I'm guessing you are running lean.
I have richened the fuel/air mixture and tried richer metering rods (even too rich) and neither changed the symptom. I may try to go super rich on the fuel/air mixture screws just to completely rule that out once and for all though.
 
Lean surge (?)
engine way too lean
or something in the ignition system, mechanical or vacuum advance hanging up
or in the actual distributor maybe bad
is it all stock, are the carbs completely stock too

fuel pump (?)
or fuel delivery,
something like the pickup/sending unit or the sock on the bottom inside the tank,
getting clogged & starving it (?)
hole somewhere in the line sucking air (?)
fuel filter (?)

points, condenser, I assume still,
maybe 1 set of points grounding out intermittently,
bad + positive 12vt (9vlt after the ballast resister) wire inside distributor
or cracked or worn/broken wire, on one of them under the insolation on the wire
hanging on by 1 or 2 strands of wire (?)
or bad - ground somewhere, inside the distributor (?)
Advance Plate inside the distributor all wonky, worn out (?)

fried/leaking/cracked tower on the ignition coil (?)


bad engine to chassis/body ground, chassis to battery grounds/rust, oxidation or corrosion (?)

corrosion/oxidation or rust between any of the connections
same thing maybe
in the main 'bulkhead connections' on the firewall
they are know for that after getting wet or just sat for a while



clogged air-filter or fuel filter (?)

the dude driving behind the wheel :poke:

sorry
all I got for now
Thanks a lot for all those possibilities. I’ve tried some of those but didn’t have them listed so I added that info to my post. I’ll definitely be looking into each of the others until I come up with the culprit. Except “the driver” possibly lol
 
My hemi 4 gear bucks trying to go slow down our gravel road. Other than that once in the gas she goes like a scalded cat. You're not running too high of gear for your speed are you?
 
My hemi 4 gear bucks trying to go slow down our gravel road. Other than that once in the gas she goes like a scalded cat. You're not running too high of gear for your speed are you?
No, it even does it cruising at 55 MPH but the “bucking” feels exactly like what you’re talking about when you’re in too high of a gear for the speed.
 
37* total a bit much if accurate and what are the cam spec's. dadsbee think mentioned going to slow for the gears your in. I call it cam lope.
 
Sounds like some slop (too much play) in the four-speed gears and universal joints....possibly also the rear gears.

Idle maybe slightly high also if this happens while idling in gear down a driveway at low speed etc.

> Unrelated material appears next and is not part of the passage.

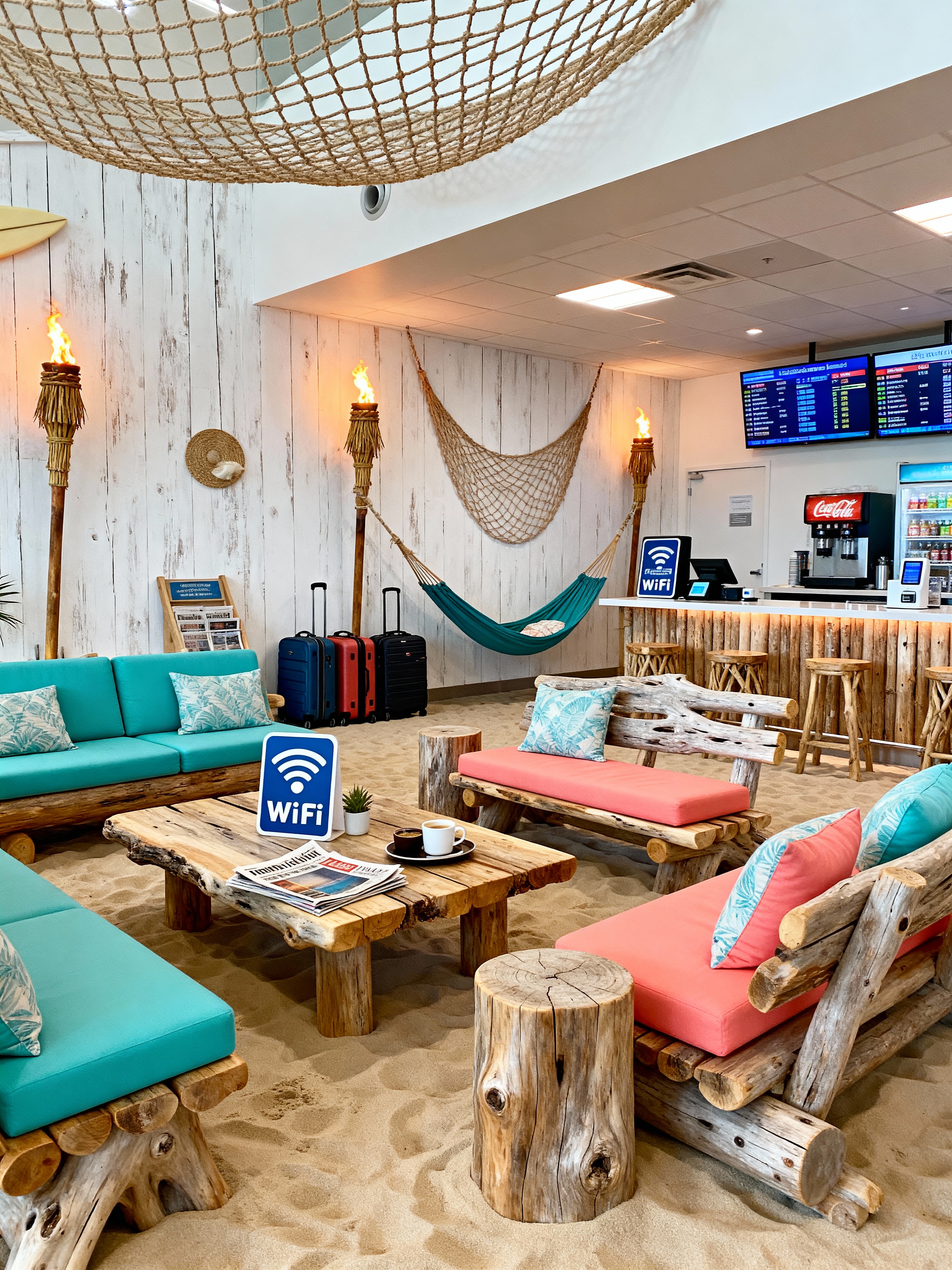 airport lounge with surf shack style with coffee tables and wifi signs and newspapers and luggage storage and flight information displays and refreshment bar and charging stations and magazines. . with driftwood furniture and tiki torches and beach vibes and ocean-inspired colors and white-washed walls and net decorations and hammocks and coastal lighting

I know the feeling....it doesn't sound quite right.
 
After reading some other threads, the symptoms sound exactly like can surge. Any suggestions on diagnosing and or fixing?
 
Cam surge, I called it riding the cam back in the day, for lack of a better term. My problem was caused on purpose back then by wanting it faster and faster. To much cam, but I had a high 10 second 383 at the strip. My question is about the dyno sheet. Why did you stop at 6100 rpms as it was still making power?
 
Cam surge, I called it riding the cam back in the day, for lack of a better term. My problem was caused on purpose back then by wanting it faster and faster. To much cam, but I had a high 10 second 383 at the strip. My question is about the dyno sheet. Why did you stop at 6100 rpms as it was still making power?
I didn’t own it at that time, so I’m not sure.
 
I'm waiting to see this figured out. Was surprised with 4.30 gears you'd have cam lope. I had it with 246*@ .050 with 3.54's. Trying to think what it could be, Ignition?
 
Distributor shaft play? I had a 4-speed 383 66 Satellite that new bushings for the distributor shaft fixed my bucking. Hope you find the problem.
 
I'm waiting to see this figured out. Was surprised with 4.30 gears you'd have cam lope. I had it with 246*@ .050 with 3.54's. Trying to think what it could be, Ignition?
Ok, despite having Covid I pushed through some trouble shooting this morning, which wasn’t wise, I know. But, I believe that I may have found some of, if not all of the problem. First, I hooked the vacuum gauge and timing light up and let the car warm up, then I proceeded to back out the fuel/air mixture screws that were previously set to most vacuum plus a 1/4 more out, to 3/4 turn richer each, which to my surprise didn’t affect the vacuum much at all, but Note-The screws are sensitive when turned inward greater than the original setting. I then test drove it and it seemed to help quite a bit but something still wasn’t right, it was still surging or bucking. I then decided to test a drastic change in the timing, so I started by advancing it 8 degrees more and that made it surge worse when I test drove it. So, I retarded the timing 8 degrees from the original setting and that helped tremendously. There were two marks on the harmonic balance, one could barely be seen and the other clearly seen. I wrongfully assumed that the clearly marked spot was correct which was giving it too much timing and causing what I believe now to be a cam surge. I’ll add that I could hear the cam when before I couldn’t. I ran out of energy, but I will feel more confident when I can drive it more but I think that did it. I do have another question now, though. I am now setting at 12 degrees initial timing and my distributor is turned as far left as the vacuum advance will allow before hitting an intake bolt. I find that odd. I would think that 12 degrees would be somewhat close to the middle of the distributors range of motion. I’m curious where other distributors in 426 Hemi Engines are pointing now and if I could possibly be off a tooth. Please post a picture of your distributors direction and any thoughts. Thanks for everyone’s time!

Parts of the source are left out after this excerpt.